3.  CDN & ALTO Use Cases

   The primary use case for ALTO in a CDN context is to improve the
   selection of a CDN Surrogate or Origin.  The CDN makes use of an ALTO
   server to choose a better CDN Surrogate or Origin than would
   otherwise be the case.  In its simplest form an ALTO server would
   provide an NSP with the capability to offer a service to a CDN which
   provides network map and cost information that the CDN can use to
   enhance its surrogate and/or Origin selection.

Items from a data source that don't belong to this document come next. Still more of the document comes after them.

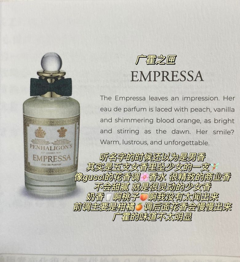 内附狐狸与无人区玫瑰、一轮玫瑰、玫瑰之水、柏林少女对比(最后两张图)🥳 前几天送男朋友的香水小样套装🎁被我拿来试香啦 这个套装有5⃣️支男香 5⃣️支女香 这一期我会专门讲解里面的五支女香 如果说有想要入手一支潘海利根的香水,但对这个牌子的香水不太了解的姐妹,那你们可一定要看这一期啦!👀 ———————————————————————— 🤍广霍之匣 前调:血橙、香柠檬、橘子、桃子、粉...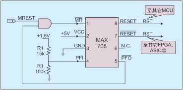 在電路設(shè)計中,MCU單元一般由51單片機(jī)構(gòu)成,單片機(jī)的復(fù)位信號是高有效。一般FPGA和ASIC的復(fù)位信號都是低有效。由于MAX708可同時輸出高電平有效和低電平有效的復(fù)位信號,因此可以利用MAX708的這個特點來解決電路內(nèi)MCU、FPGA、ASIC的上電復(fù)位問題。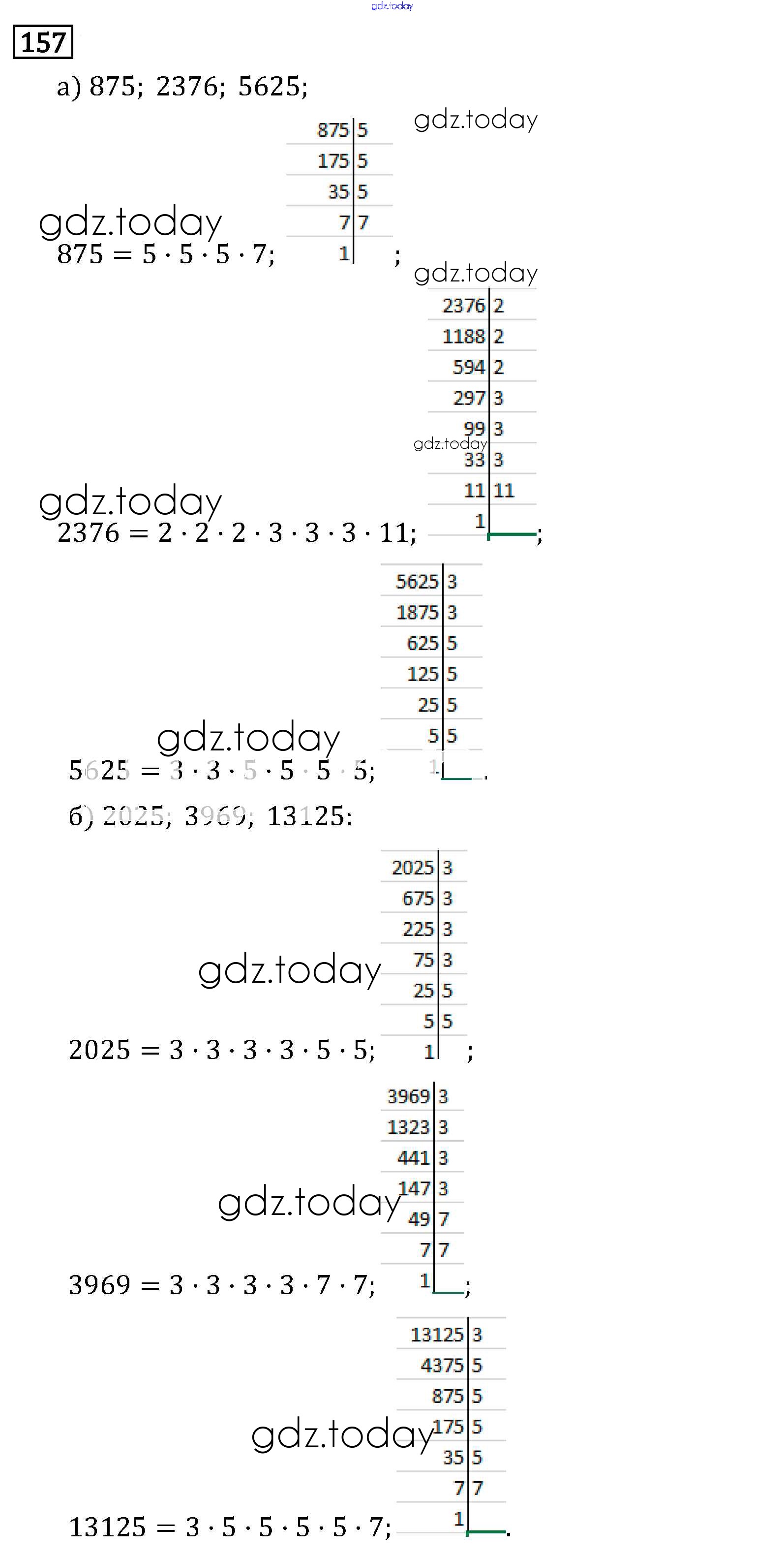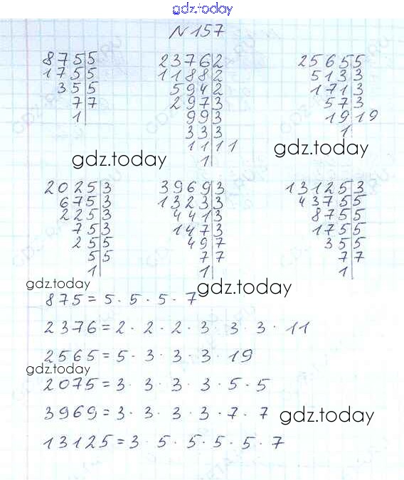 На страницах сайта gdz.today вы найдете учебный и вспомогательный материал, направленный на улучшения знаний школьной программы. ГДЗ - онлайн мир знаний §1. Делимость чисел Решение к главе 1 157 Учебнику по Математике для 6 класса Виленкин, Жохов Мнемозина 2014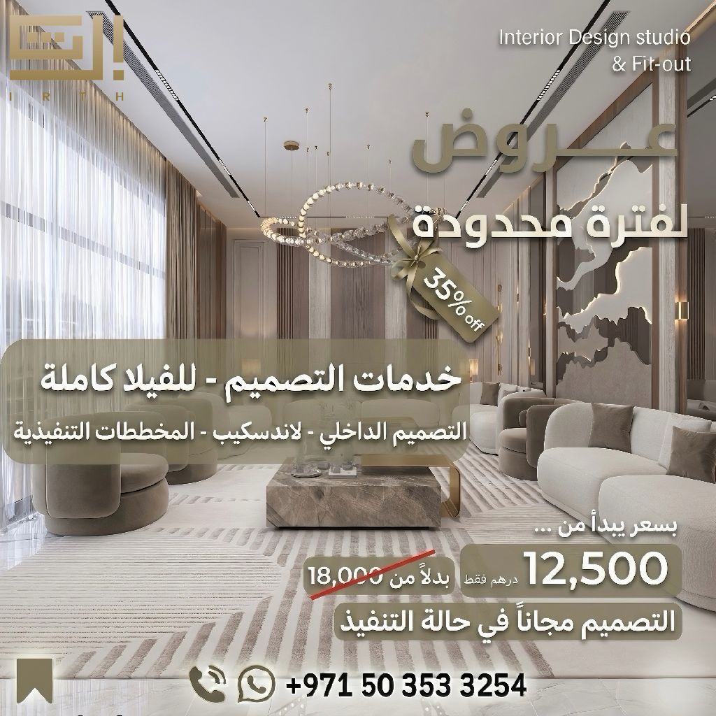 شركة إرث العمارة للتصميم وجهتك لتصميم معماري متكامل من الفكرة حتى التسليم، مع تنفيذ وتشطيب كامل (Full Fit - Out) وتصميم داخلي وخارجي وحدائق باحترافية عالية. نراجع المخططات ونطورها بأفضل المعايير. عروض خاصة لفترة محدودة ابدأ مشروعك بثقة تواصل معنا الآن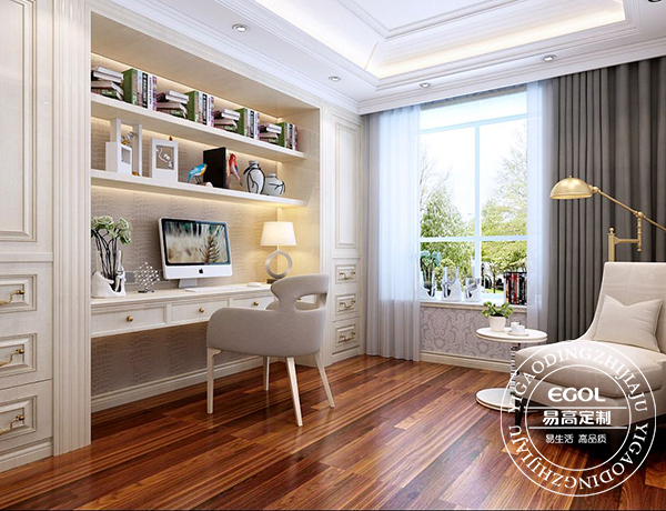 書房,是人們在休息娛樂之外的,又一個生活場所,因為其特有的功能屬性就要求書房應(yīng)該是一個安靜的環(huán)境,所以當我們在裝修自家書房的時候,就應(yīng)該的采用不同的方式來體現(xiàn)其安靜的氛圍。但是需要注意的是,過度的設(shè)計只會讓整體的書房不僅不能體現(xiàn)出安靜的氛圍,反而讓書房顯得冗雜而擁擠。所以在對于書房設(shè)計時,還是需要把握一個度。下面易高小編就來詳細的為大家介紹一下書房設(shè)計注意的幾點事項。

   Although it is possible to obtain raw network map and cost
   information in other ways, for example passively listening to the
   NSP's routing protocols, the use of an ALTO service to expose that
   information may provide additional control to the NSP over how their
   network map/cost is exposed.  Additionally it may enable the NSP to
   maintain a functional separation between their routing plane and
   network map computation functions.  This may be attractive for a
   number of reasons, for example:

   o  The ALTO service could provide a filtered view of the network
      and/or cost map that relates to CDN locations and their proximity
      to end users, for example to allow the NSP to control the level of
      topology detail they are willing to share with the CDN.
   o  The ALTO service could apply additional policies to the network
      map and cost information to provide a CDN-specific view of the
      network map/cost, for example to allow the NSP to encourage the
      CDN to use network links that would not ordinarily be preferred by
      a Shortest Path First routing calculation.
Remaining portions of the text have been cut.